Dataset excerpts
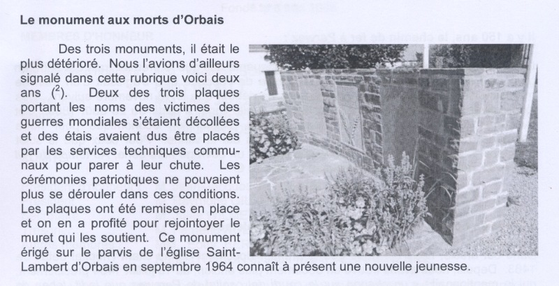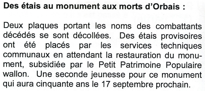 Localisation de ce monument: Rue Trémouroux, sur l'espace herbeux devant l'église Saint-Lambert. Coordonnées GPS: +50°38'14.17", +4°45'49.06" Inscriptions figurant sur le monument Sur le monument Plaque de gauche "1914-1918 MILITAIRES [Cinq noms, non classés par ordre alphabétique] 1940-1945 [Deux noms, non classés par ordre alphabétique]" Plaque centrale "ORBAIS À SES MORTS DES DEUX GUERRES" Plaque de droite "1914-1918 CIVILS [Un nom] 1940-1945 [Trois noms, non classés par ordre alphabétique]" Sur le canon de la Brigade Piron Plaque du haut "BRIGADE PIRON 1944-1945 NORMANDIE CANAL DE WESSEM" Plaque du bas "G.A.P.E.P. GROUPEMENT DES ASSOCIATIONS PATRIOTIQUES DE L'ENTITÉ PERWÉZIENNE GUN MEMORY" Voir les noms mentionnés sur le monument |
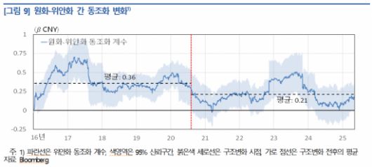 원화와 위안화는 높은 상관관계를 가지며 동조화를 지속해 왔으나 시기에 따라 그 정도는 달라졌다. 특히 2018년 4월에서 2019년 9월 트럼프 1기 미·중 무역 갈등기, 2022년 2월~2023년 4월 미국 연방준비제도(Fed)의 금리 인상기, 2024년 10월 이후 트럼프 2기 대통령선거 당선 전후 시기에 상관 계수가 높았다. 최 차장은 "높은 동조화의 배경에는 미국 달러화의 공통 영향, 양국 경제의 높은 연계성, 근접한 경제 권역의 통화가 한묶음으로 거래되는 외환시장 거래 관행 등의 구조적 요인이 작용하고 있다"고 설명했다.
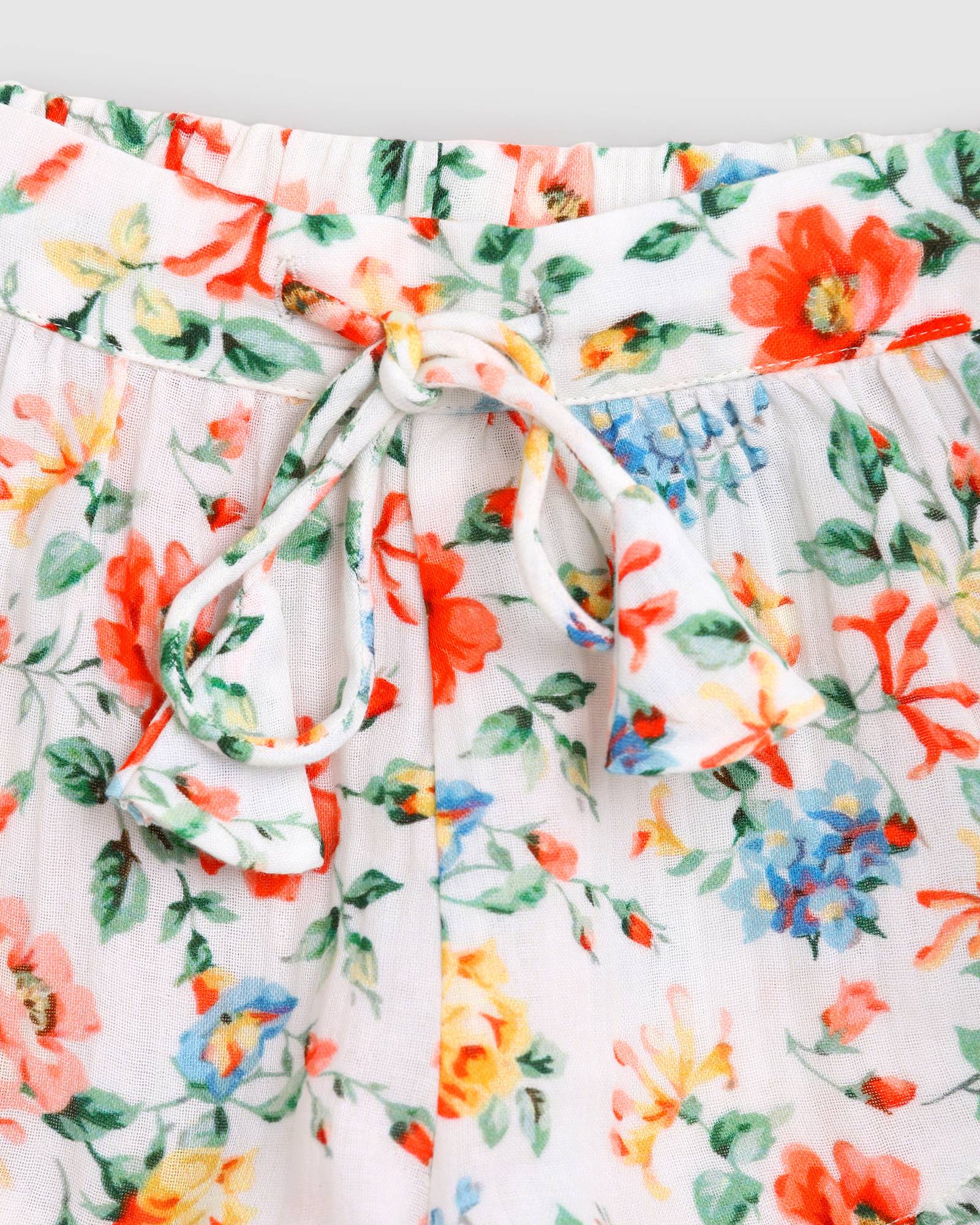 The Tessa Shorts in Pretty Floral are a playful and stylish addition to your little one’s wardrobe. Featuring a vibrant floral print and delicate ruffle detailing along the edges, these shorts bring a cheerful and feminine touch to any outfit. The elasticated waistband with a drawstring tie ensures a comfortable and adjustable fit.
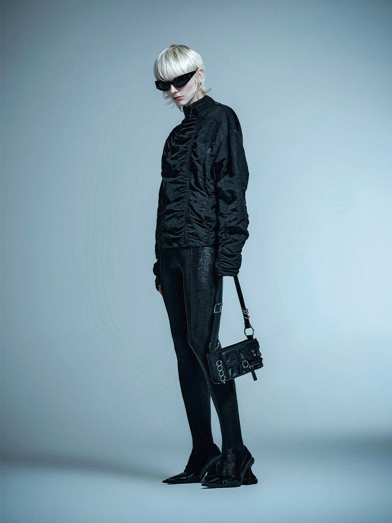Elevate your wardrobe with this sophisticated jacket, expertly designed for the modern woman. Featuring a striking black silhouette with functional zipper detailing and refined pleated construction, this piece seamlessly transitions from professional settings to casual outings. The split function design offers versatile styling options, allowing you to customize your look with ease. Crafted with attention to detail, this jacket delivers both polished elegance and practical wearability, making it an essential addition to any discerning woman's collection.
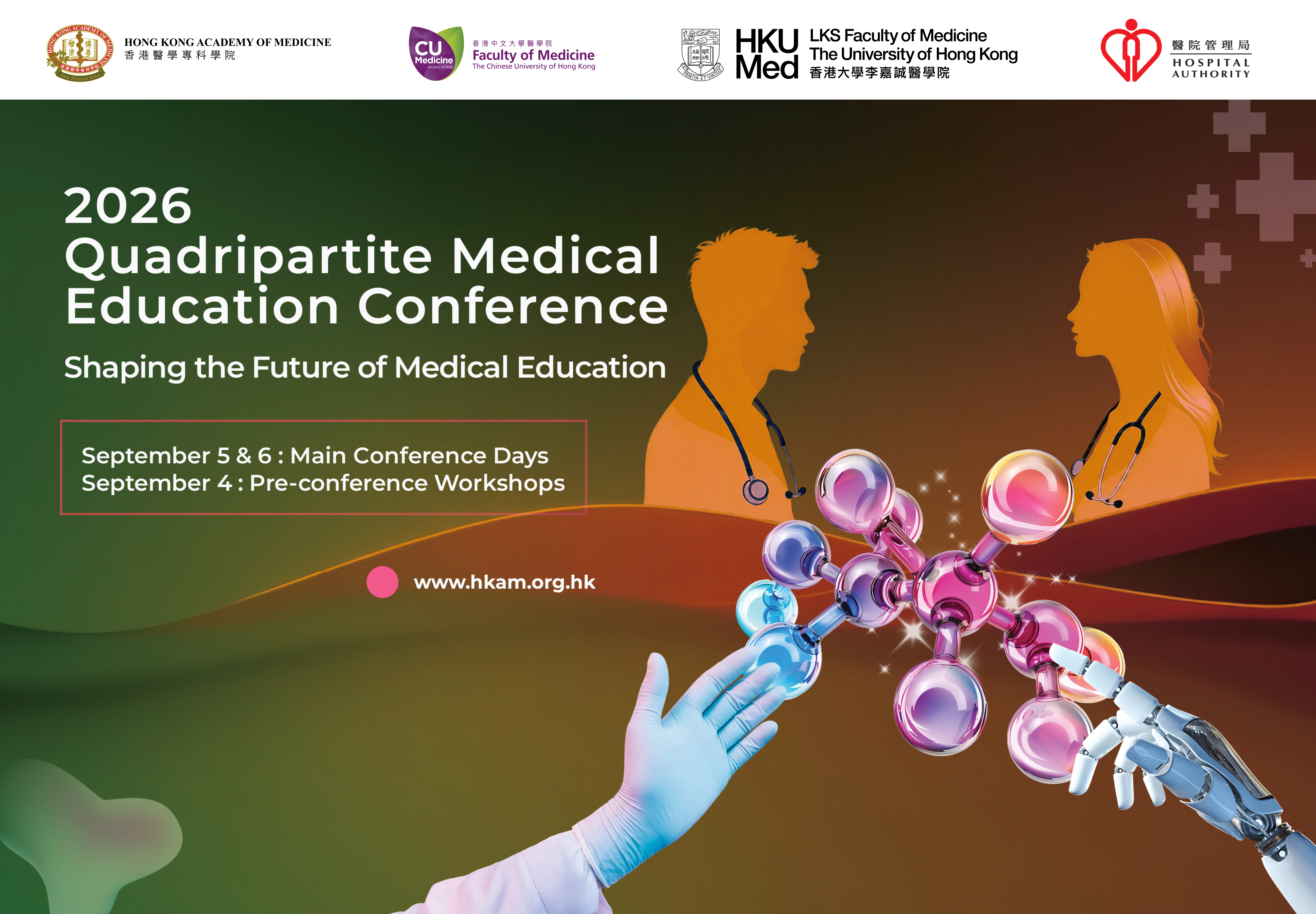 The Hong Kong Academy of Medicine (the Academy) is pleased to announce the Quadripartite Medical Education Conference (QMEC) 2026, to be hosted by the Academy in collaboration with the Faculty of Medicine of The Chinese University of Hong Kong, the Li Ka Shing Faculty of Medicine of The University of Hong Kong, and the Hospital Authority. The Conference will be held at the Hong Kong Academy of Medicine Jockey Club Building, with pre-conference workshops on 4 September, followed by the main Conference on 5 and 6 September 2026.
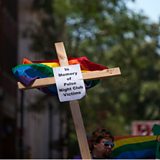 (Photo: A member of Metropolitan Community Church carries a cross with a sign in memory of the victims of the Pulse nightclub shooting. Credit: Getty Images)
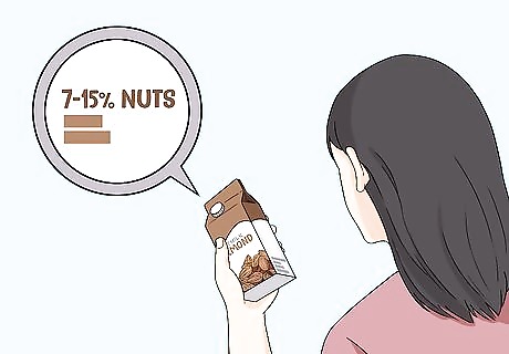 Check the percentage of nuts a milk contains before buying it. Not all brands and types of nut milk are made using the same percentage of nuts. For example, a lot of almond milk contains only 2% almonds, and most macadamia nut milk contains only 3% macadamia nuts. In both cases, the remaining percentage is mostly water and possibly some other additives like carrageenan or vegetable gum. You may wish to select a type of nut milk based on not just which nut is used, but also what other contents are added to the milk. When buying nut milk, check the container for the percentage of that nut it contains. You may be able to purchase nut milk that contains as much as 7-15% nuts.
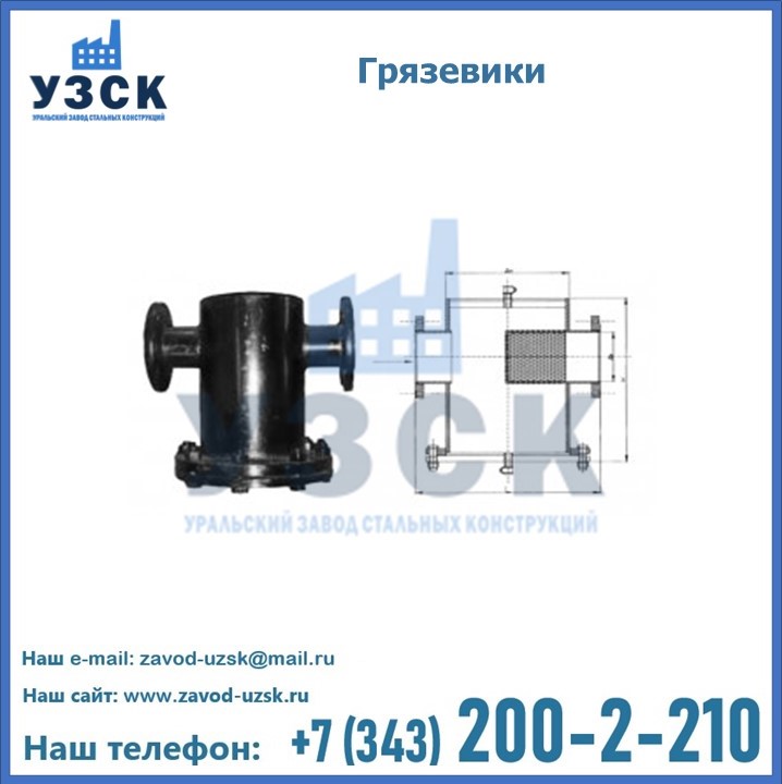 Уральский Завод Стальных Конструкций занимается производством и реализацией грязевиков в городе Люберцы, в наличии устройства горизонтального и вертикального типа, соответствующие всем требованиям и стандартам, в том числе условиям «Правил устройства и безопасной эксплуатации».
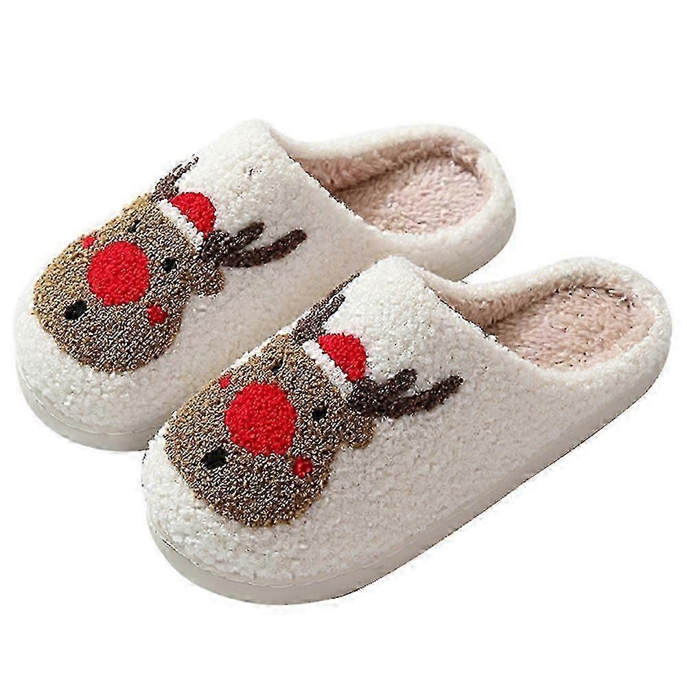 Christmas Deer Slip-On Comfy House Slippers for Women Plush Warm Slippers

### Task instructions
Please print the records above once more, word for word, omitting all pictures.

### Exercise solution
 Localisation de ce monument: Rue Trémouroux, sur l'espace herbeux devant l'église Saint-Lambert. Coordonnées GPS: +50°38'14.17", +4°45'49.06" Inscriptions figurant sur le monument Sur le monument Plaque de gauche "1914-1918 MILITAIRES [Cinq noms, non classés par ordre alphabétique] 1940-1945 [Deux noms, non classés par ordre alphabétique]" Plaque centrale "ORBAIS À SES MORTS DES DEUX GUERRES" Plaque de droite "1914-1918 CIVILS [Un nom] 1940-1945 [Trois noms, non classés par ordre alphabétique]" Sur le canon de la Brigade Piron Plaque du haut "BRIGADE PIRON 1944-1945 NORMANDIE CANAL DE WESSEM" Plaque du bas "G.A.P.E.P. GROUPEMENT DES ASSOCIATIONS PATRIOTIQUES DE L'ENTITÉ PERWÉZIENNE GUN MEMORY" Voir les noms mentionnés sur le monument |
 원화와 위안화는 높은 상관관계를 가지며 동조화를 지속해 왔으나 시기에 따라 그 정도는 달라졌다. 특히 2018년 4월에서 2019년 9월 트럼프 1기 미·중 무역 갈등기, 2022년 2월~2023년 4월 미국 연방준비제도(Fed)의 금리 인상기, 2024년 10월 이후 트럼프 2기 대통령선거 당선 전후 시기에 상관 계수가 높았다. 최 차장은 "높은 동조화의 배경에는 미국 달러화의 공통 영향, 양국 경제의 높은 연계성, 근접한 경제 권역의 통화가 한묶음으로 거래되는 외환시장 거래 관행 등의 구조적 요인이 작용하고 있다"고 설명했다.
 The Tessa Shorts in Pretty Floral are a playful and stylish addition to your little one’s wardrobe. Featuring a vibrant floral print and delicate ruffle detailing along the edges, these shorts bring a cheerful and feminine touch to any outfit. The elasticated waistband with a drawstring tie ensures a comfortable and adjustable fit.
Elevate your wardrobe with this sophisticated jacket, expertly designed for the modern woman. Featuring a striking black silhouette with functional zipper detailing and refined pleated construction, this piece seamlessly transitions from professional settings to casual outings. The split function design offers versatile styling options, allowing you to customize your look with ease. Crafted with attention to detail, this jacket delivers both polished elegance and practical wearability, making it an essential addition to any discerning woman's collection.
 The Hong Kong Academy of Medicine (the Academy) is pleased to announce the Quadripartite Medical Education Conference (QMEC) 2026, to be hosted by the Academy in collaboration with the Faculty of Medicine of The Chinese University of Hong Kong, the Li Ka Shing Faculty of Medicine of The University of Hong Kong, and the Hospital Authority. The Conference will be held at the Hong Kong Academy of Medicine Jockey Club Building, with pre-conference workshops on 4 September, followed by the main Conference on 5 and 6 September 2026.
 (Photo: A member of Metropolitan Community Church carries a cross with a sign in memory of the victims of the Pulse nightclub shooting. Credit: Getty Images)
 Check the percentage of nuts a milk contains before buying it. Not all brands and types of nut milk are made using the same percentage of nuts. For example, a lot of almond milk contains only 2% almonds, and most macadamia nut milk contains only 3% macadamia nuts. In both cases, the remaining percentage is mostly water and possibly some other additives like carrageenan or vegetable gum. You may wish to select a type of nut milk based on not just which nut is used, but also what other contents are added to the milk. When buying nut milk, check the container for the percentage of that nut it contains. You may be able to purchase nut milk that contains as much as 7-15% nuts.
 Уральский Завод Стальных Конструкций занимается производством и реализацией грязевиков в городе Люберцы, в наличии устройства горизонтального и вертикального типа, соответствующие всем требованиям и стандартам, в том числе условиям «Правил устройства и безопасной эксплуатации».
 Christmas Deer Slip-On Comfy House Slippers for Women Plush Warm Slippers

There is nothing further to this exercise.